Já na Zona Leste, o Reservatório Lapenna e a canalização do Córrego Rodeio fazem parte das obras em andamento em bairros como São Miguel Paulista e Cidade Tiradentes.
Segundo informações oficiais, essas intervenções atendem diretamente cerca de 24 mil moradores.
A previsão da Prefeitura é que parte das entregas ocorra no primeiro semestre de 2026, conforme o andamento dos trabalhos.
Habitação reúne moradia e equipamentos públicos
No setor habitacional, a Prefeitura destaca projetos que associam a construção de moradias à implantação de infraestrutura urbana.
O Conjunto Habitacional Novo Brasil, localizado na Capela do Socorro, na Zona Sul, terá 2.711 unidades habitacionais, segundo a administração municipal.
A previsão é que 557 unidades sejam entregues nesta fase inicial, enquanto as demais devem ser concluídas até o fim de 2027.

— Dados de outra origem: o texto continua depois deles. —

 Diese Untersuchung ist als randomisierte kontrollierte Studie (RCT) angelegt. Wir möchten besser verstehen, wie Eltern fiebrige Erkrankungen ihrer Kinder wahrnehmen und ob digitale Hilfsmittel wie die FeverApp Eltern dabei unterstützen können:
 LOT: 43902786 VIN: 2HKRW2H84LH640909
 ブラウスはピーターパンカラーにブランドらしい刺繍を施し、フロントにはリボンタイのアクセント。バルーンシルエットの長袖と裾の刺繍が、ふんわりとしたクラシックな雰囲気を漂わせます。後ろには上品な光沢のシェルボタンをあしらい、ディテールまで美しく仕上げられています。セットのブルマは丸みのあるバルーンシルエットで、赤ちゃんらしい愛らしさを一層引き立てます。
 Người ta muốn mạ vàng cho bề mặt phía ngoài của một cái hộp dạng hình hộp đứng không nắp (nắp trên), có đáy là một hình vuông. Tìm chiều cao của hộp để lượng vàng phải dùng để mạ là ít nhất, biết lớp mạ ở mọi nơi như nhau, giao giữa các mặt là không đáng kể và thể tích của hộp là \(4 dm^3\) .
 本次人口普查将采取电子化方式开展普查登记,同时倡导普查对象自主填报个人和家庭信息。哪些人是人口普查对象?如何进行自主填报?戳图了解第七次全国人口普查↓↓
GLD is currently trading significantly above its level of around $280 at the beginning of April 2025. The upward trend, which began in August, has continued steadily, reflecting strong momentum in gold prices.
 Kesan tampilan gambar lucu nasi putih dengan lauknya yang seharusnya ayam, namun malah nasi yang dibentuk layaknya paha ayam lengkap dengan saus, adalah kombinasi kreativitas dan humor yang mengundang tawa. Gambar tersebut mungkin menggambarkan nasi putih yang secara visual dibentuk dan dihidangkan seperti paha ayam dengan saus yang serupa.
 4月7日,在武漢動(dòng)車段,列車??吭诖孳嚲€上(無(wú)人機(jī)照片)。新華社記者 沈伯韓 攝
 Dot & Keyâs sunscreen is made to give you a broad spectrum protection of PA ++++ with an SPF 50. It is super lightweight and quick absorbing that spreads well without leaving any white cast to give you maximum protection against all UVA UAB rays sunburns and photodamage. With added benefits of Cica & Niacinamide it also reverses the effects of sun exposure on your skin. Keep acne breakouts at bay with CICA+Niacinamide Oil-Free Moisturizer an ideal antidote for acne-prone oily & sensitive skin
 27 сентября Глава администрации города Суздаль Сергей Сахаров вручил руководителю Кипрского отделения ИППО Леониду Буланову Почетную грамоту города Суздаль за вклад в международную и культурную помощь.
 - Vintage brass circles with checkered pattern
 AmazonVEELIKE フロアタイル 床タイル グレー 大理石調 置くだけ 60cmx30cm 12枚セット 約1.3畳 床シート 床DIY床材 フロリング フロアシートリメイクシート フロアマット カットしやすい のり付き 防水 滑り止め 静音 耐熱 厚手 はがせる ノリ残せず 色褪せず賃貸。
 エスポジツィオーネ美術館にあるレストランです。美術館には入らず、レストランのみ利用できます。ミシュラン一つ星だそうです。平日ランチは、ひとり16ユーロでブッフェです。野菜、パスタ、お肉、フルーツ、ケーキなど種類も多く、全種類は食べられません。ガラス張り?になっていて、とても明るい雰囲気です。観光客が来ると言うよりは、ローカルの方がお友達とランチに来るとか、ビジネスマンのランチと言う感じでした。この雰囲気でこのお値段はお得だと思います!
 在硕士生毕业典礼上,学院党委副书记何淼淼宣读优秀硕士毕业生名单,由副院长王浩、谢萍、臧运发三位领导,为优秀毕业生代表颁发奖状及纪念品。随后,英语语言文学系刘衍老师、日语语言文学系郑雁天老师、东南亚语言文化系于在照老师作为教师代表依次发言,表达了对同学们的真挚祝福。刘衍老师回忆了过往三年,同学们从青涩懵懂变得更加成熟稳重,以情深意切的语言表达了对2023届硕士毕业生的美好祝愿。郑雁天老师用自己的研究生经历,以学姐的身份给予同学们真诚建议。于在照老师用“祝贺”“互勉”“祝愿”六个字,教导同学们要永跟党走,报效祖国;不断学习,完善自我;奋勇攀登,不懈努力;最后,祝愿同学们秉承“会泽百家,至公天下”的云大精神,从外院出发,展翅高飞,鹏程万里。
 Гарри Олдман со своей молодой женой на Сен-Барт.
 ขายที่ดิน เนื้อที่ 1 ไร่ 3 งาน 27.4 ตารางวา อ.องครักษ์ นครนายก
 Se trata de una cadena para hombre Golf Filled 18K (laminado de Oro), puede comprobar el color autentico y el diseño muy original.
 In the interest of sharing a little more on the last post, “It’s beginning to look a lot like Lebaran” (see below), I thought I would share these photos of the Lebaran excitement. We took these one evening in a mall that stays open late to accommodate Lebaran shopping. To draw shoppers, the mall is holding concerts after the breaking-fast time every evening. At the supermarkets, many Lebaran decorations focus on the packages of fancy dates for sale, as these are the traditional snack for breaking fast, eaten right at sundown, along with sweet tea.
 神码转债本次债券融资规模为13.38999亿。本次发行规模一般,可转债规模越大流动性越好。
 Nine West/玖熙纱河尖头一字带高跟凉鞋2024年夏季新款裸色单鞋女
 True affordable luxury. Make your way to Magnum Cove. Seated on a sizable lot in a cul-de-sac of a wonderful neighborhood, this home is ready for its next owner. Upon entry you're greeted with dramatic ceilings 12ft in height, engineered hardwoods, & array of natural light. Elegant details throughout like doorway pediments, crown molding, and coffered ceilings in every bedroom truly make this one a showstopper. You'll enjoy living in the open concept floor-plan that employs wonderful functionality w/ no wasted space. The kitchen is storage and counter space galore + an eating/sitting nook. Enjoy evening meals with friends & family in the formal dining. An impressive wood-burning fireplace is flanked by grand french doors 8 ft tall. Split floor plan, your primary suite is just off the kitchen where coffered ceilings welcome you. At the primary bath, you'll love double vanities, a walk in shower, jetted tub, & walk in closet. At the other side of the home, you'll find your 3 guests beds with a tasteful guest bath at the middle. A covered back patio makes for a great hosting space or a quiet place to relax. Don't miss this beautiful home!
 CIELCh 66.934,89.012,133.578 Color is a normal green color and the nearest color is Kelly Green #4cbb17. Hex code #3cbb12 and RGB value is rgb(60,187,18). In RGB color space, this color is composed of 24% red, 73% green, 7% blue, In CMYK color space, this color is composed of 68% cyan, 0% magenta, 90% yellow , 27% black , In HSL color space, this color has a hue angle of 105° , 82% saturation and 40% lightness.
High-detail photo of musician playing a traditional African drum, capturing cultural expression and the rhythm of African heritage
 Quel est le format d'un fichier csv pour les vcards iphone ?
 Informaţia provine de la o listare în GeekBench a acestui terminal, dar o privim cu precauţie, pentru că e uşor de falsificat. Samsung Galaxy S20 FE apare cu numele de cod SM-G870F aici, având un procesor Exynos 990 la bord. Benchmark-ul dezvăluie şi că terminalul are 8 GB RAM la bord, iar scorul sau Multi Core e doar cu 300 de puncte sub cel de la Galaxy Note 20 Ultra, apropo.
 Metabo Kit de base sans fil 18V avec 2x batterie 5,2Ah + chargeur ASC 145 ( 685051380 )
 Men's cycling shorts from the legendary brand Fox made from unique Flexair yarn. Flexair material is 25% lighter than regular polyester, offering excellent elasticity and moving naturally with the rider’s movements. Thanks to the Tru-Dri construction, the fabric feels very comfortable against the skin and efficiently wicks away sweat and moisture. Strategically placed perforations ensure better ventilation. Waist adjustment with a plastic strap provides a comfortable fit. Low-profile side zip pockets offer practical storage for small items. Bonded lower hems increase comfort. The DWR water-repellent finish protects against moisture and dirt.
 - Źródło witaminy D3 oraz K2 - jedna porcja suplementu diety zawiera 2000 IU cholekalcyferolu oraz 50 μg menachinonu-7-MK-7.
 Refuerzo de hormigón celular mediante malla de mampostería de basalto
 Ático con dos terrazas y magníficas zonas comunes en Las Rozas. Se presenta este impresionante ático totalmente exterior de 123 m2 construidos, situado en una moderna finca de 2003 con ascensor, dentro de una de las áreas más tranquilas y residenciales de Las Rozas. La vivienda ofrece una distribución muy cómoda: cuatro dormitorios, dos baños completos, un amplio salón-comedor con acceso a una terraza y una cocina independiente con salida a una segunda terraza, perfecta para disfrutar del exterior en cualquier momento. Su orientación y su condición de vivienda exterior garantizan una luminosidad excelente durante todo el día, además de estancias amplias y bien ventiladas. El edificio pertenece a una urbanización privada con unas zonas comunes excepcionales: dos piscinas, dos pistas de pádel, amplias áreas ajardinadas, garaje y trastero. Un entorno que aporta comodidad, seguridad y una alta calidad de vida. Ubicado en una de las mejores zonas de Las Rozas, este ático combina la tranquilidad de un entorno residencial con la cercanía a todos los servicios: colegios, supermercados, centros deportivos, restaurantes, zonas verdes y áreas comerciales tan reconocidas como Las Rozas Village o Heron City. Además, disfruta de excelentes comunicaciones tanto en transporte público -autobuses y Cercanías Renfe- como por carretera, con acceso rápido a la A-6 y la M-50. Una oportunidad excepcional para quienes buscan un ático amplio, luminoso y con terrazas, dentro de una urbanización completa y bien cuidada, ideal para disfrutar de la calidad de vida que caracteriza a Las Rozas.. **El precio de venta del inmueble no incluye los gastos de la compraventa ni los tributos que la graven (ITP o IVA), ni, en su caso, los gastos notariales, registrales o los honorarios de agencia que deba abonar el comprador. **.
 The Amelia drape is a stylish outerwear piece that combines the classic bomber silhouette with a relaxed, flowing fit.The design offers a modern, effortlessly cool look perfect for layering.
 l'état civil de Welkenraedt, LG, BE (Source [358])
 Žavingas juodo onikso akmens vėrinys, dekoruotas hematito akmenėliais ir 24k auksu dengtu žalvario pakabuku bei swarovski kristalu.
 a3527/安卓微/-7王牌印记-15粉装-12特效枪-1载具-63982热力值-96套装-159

De acordo com a Prefeitura, o empreendimento deve atender cerca de 10 mil pessoas e inclui equipamentos públicos como uma Unidade Básica de Saúde, dois Centros de Educação Infantil e uma unidade do Armazém Solidário.
Ainda na Zona Sul, o CEU Padre Chicão foi inaugurado no dia 4 e integra o conjunto de equipamentos associados às obras habitacionais da região, conforme divulgado pela gestão municipal.
A Prefeitura também cita o Programa Pode Entrar, que prevê a entrega de mais de 7 mil moradias a partir de março, distribuídas em diferentes bairros.
Entre os empreendimentos mencionados estão o Residencial Bresser VI, na Mooca, além de projetos em Perus e da primeira fase do Reserva Raposo. O investimento total informado supera R$ 1,5 bilhão.
Reurbanização avança em áreas mais vulneráveis
Outro eixo do pacote de obras é a requalificação urbana em regiões consideradas mais vulneráveis.
Um dos exemplos apresentados pela Prefeitura é o projeto do Parque das Flores, em São Rafael, na Zona Leste.
Com investimento informado de R$ 250,4 milhões e cerca de 80% de execução, a intervenção envolve obras de saneamento, pavimentação e canalização de córregos.
Segundo a administração municipal, mais de 5,2 mil famílias devem ser beneficiadas, com entregas previstas de forma escalonada até 2028.
Ao apresentar o panorama das obras em andamento, a Prefeitura afirma que o conjunto de intervenções busca atender diferentes frentes da infraestrutura urbana.
A questão que permanece é como esses projetos vão se refletir, no médio e longo prazo, na rotina de deslocamentos, moradia e acesso a serviços da população paulistana?